Stallings took the Alabama job for the 1990 season and brought Moore with him. When Stallings retired after the 1996 season, Moore was again passed over for the job of head coach. Three years later, in 1999 he was promoted from a position he had taken within the athletic department and named Athletic Director.

Moore presided over two different periods of probation for violations of NCAA rules. The first probation was severe and the football team suffered on the field. Moore also had to deal with sex scandals involving two head football coaches. He guided the Tide through those troubled times and in January 2007 he hit the jackpot when he convinced Nick Saban to take over the football program.

Moore also guided two expansions of the team’s football stadium, which today seats over 101,000. He also oversaw significant upgrades to the school’s basketball arena and major additions to the football training facility. New facilities were built for tennis and soccer and the track and baseball stadiums received upgrades. Moore is credited with raising about $220 million during his tenure. The school’s athletic department budget grew from $31 million to more than $100 million during his reign.

Men’s basketball has not enjoyed the success it achieved in the 1970s and 1980s. The women’s basketball team has ranked as one of the poorest in the Southeastern Conference. Baseball achieved a great deal of success in the late 1990s but has slipped in recent years. Both men’s and women’s track teams have been among conference also-rans in the past 10 years. Gymnastics and men’s and women’s golf teams have flourished.

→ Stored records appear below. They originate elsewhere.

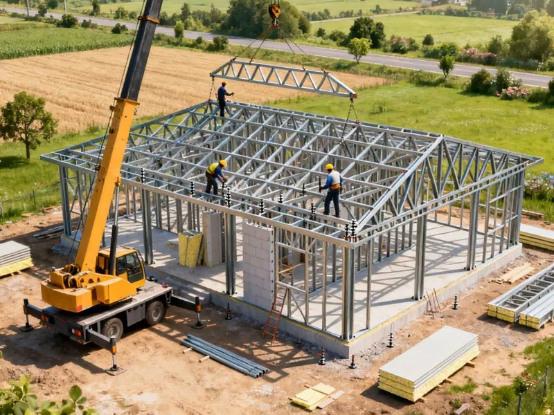 • Budynek domu o zielonej konstrukcji stalowejBudynek domu o zielonej konstrukcji stalowej
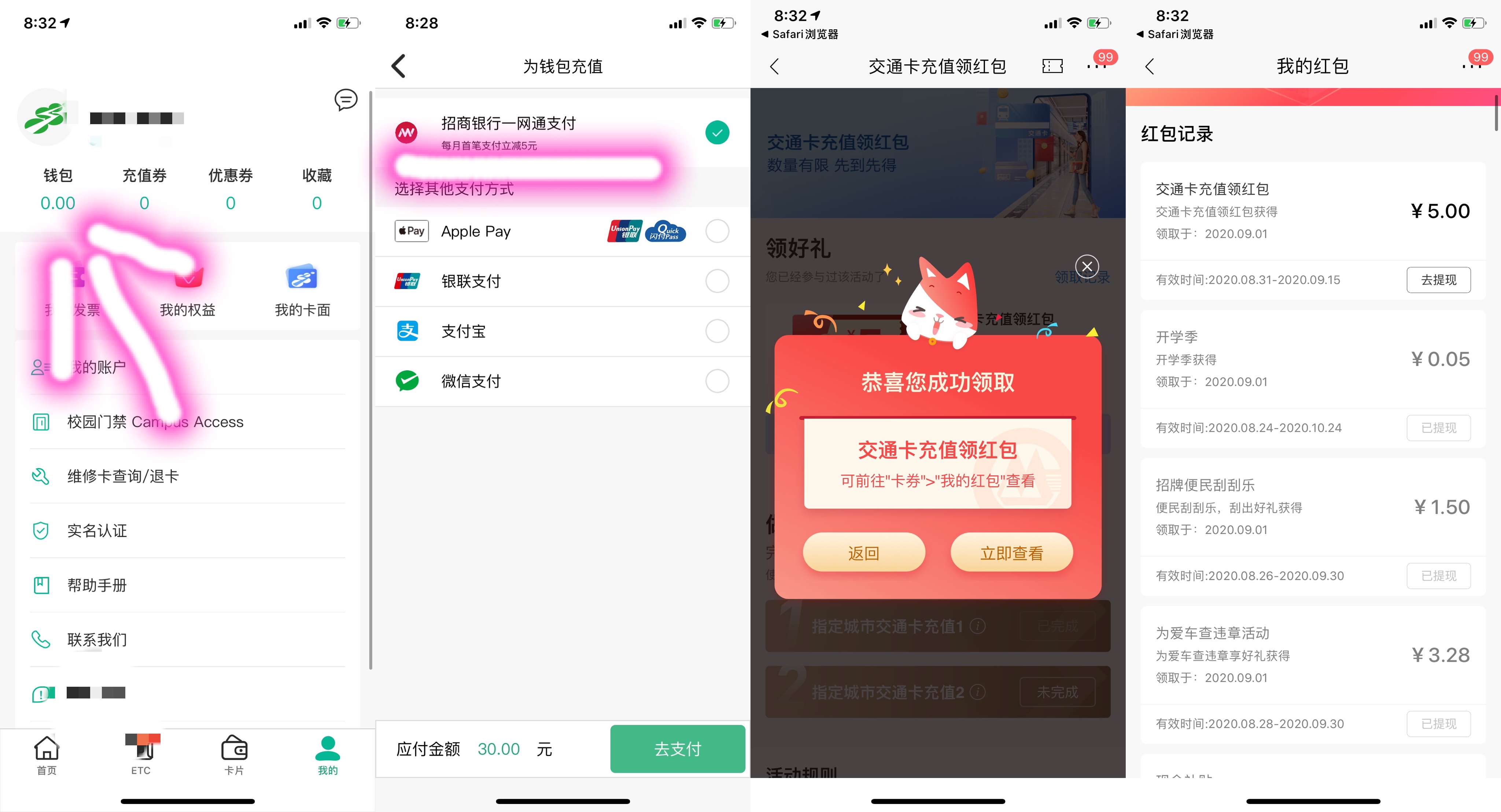 招行交通卡充值领取3元红包
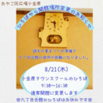 2025年8月18日 / 最終更新日時 : 2025年8月18日 おやこDE広場小金原STAFF お知らせ 開館場所変更のお知らせ 8/21(木) 【ひろばから開館場所変更のお知らせ】 九丁目町会夏まつりの準備のため、 九丁目会館の使用が困難になりました。 8月21(木)タウンスクールのひろば 9:30〜16:30通常開館に変更します。 九丁目会館のひろばはお休みで […]
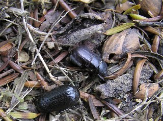 【中】シブナシガヤの実が落ちていたところにいたクロコガネ。
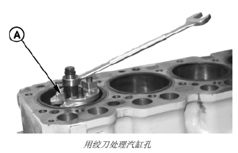 6. 用刮刀或絞刀 (A) 清除汽缸套孔中的積碳。用壓縮空氣去除汽缸體內的異物。
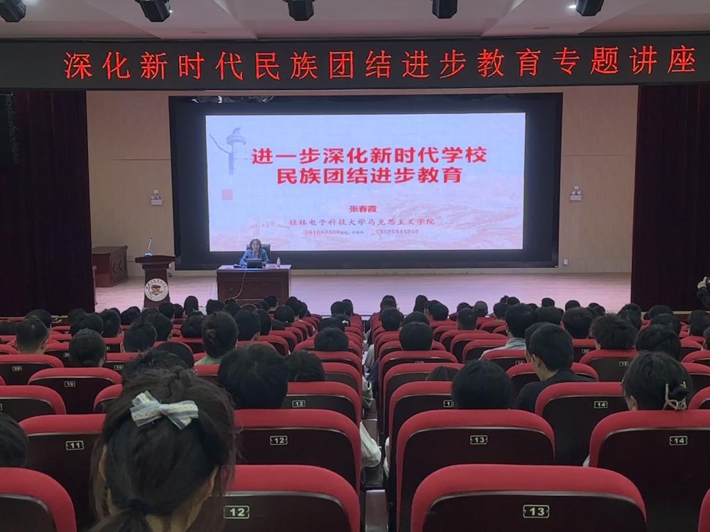 11月2日,机电工程学院党总支在51206组织开展深化新时代民族团结进步教育专题讲座,讲座邀请了桂林电子科技大学马克思主义学院张春霞教授主讲,全校200余名师生代表参加学习,讲座由机电工程学院党总支书记黄娟主持。
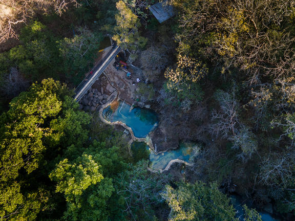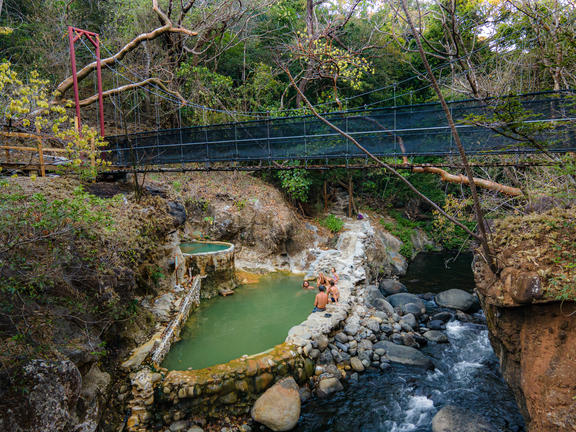 Surrounded by a dense dry tropical forest, the Rio Negro Hot Springs area is beautiful and peaceful. The crystal clear waters of the river flow near the 10 pools built on the riverbank, filled with thermal waters rich in minerals, naturally heated in the depths of the volcano. You can access the pools on both banks of the river thanks to two suspension bridges.
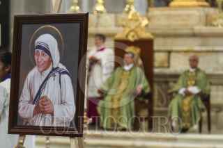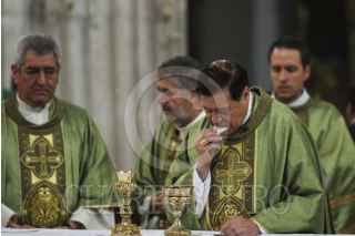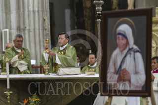 CIUDAD DE MÉXICO, 11SEPTIEMBRE2016.- Norberto Rivera Cabrera, arzobispo primado de México, realizó la misa dominical en la Catedral Capitalina. Durante la ceremonia, se pudo observar la imagen de la Madre Teresa de Calcuta, quien hace unas semanas fue canonizada por el Papa Francisco II, en el Vaticano. FOTO: ADOLFO VLADIMIR /CUARTOSCURO.COM
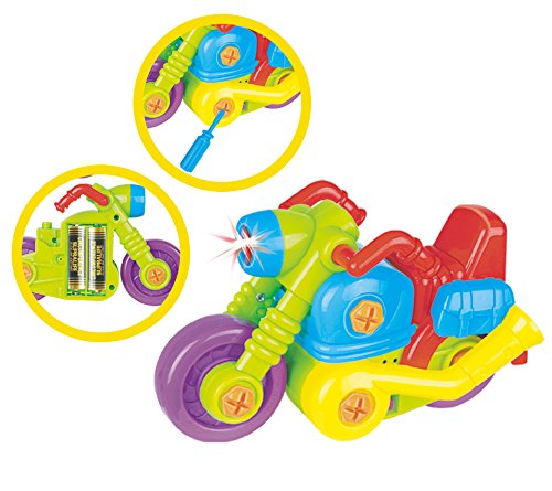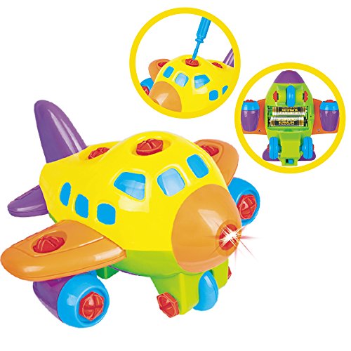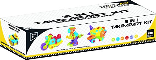 Kids will have hours of fun playing with the super 3 in 1 Take Apart Kit from the ThinkGizmos Awesome Take Apart Series. With not 1 but 3 different models being made from the 1 kit. This toddler toys set includes a Dinosaur toy, Motorbike and Plane. Each of the models features its own lights and sounds for added effect and a handy extra is that all parts are included in the box including all batteries so no need to go searching for batteries to fit. The models are made from non-toxic, recyclable ABS Plastic, however as this is a take-apart toy some smaller parts are included and may be a choking hazard so children under 3 years of age should be closely supervised whilst enjoying this toy. If you are looking for toys for a 3, 4, 5, or 6 year old boy or girl, look no further than this awesome building toy for toddlers. Not only can these toys for boys and girls be taken apart and rebuilt time and time again for hours of fun, they will be enhancing hand-eye coordination, fine motor skills and patience without them realising they are learning. The TG651 3 in 1 Take-Apart Kit is recommended for toddlers aged 3 + and is a 'ThinkGizmos' branded product.Feature

Moore spent nearly 50 years at Alabama as a player, coach and administrator. That is almost unheard of in the modern world of college athletics. He took heat for some of his hires—Mike Price and Mike Shula in football and Stephanie Smith in women’s basketball are three that come to mind. Moore was a part of 10 national championships in football, two in women’s gymnastics, one in women’s golf and one in women’s softball. The school’s practice facility for football bears his name.

Moore’s resignation for health reasons marks the end of an era in college athletics. For many years athletic directors tended to come from the ranks of coaching. In today’s world of mega-dollar athletic budgets most schools have started to hire people with a business and management background. Moore successfully bridged that divide. But he may be the last of a breed.

It is true that his successor, Bill Battle, played football for Bryant at Alabama and coached football at Tennessee. Battle, however, achieved his greatest success as a businessman who founded and eventually sold the nation’s largest company that licenses trademarked items for college and university athletic departments. Battle sold his company about six years ago for more than $140 million.

It is always important to mark the end of eras in history. The retirement of Mal Moore marks one of those times.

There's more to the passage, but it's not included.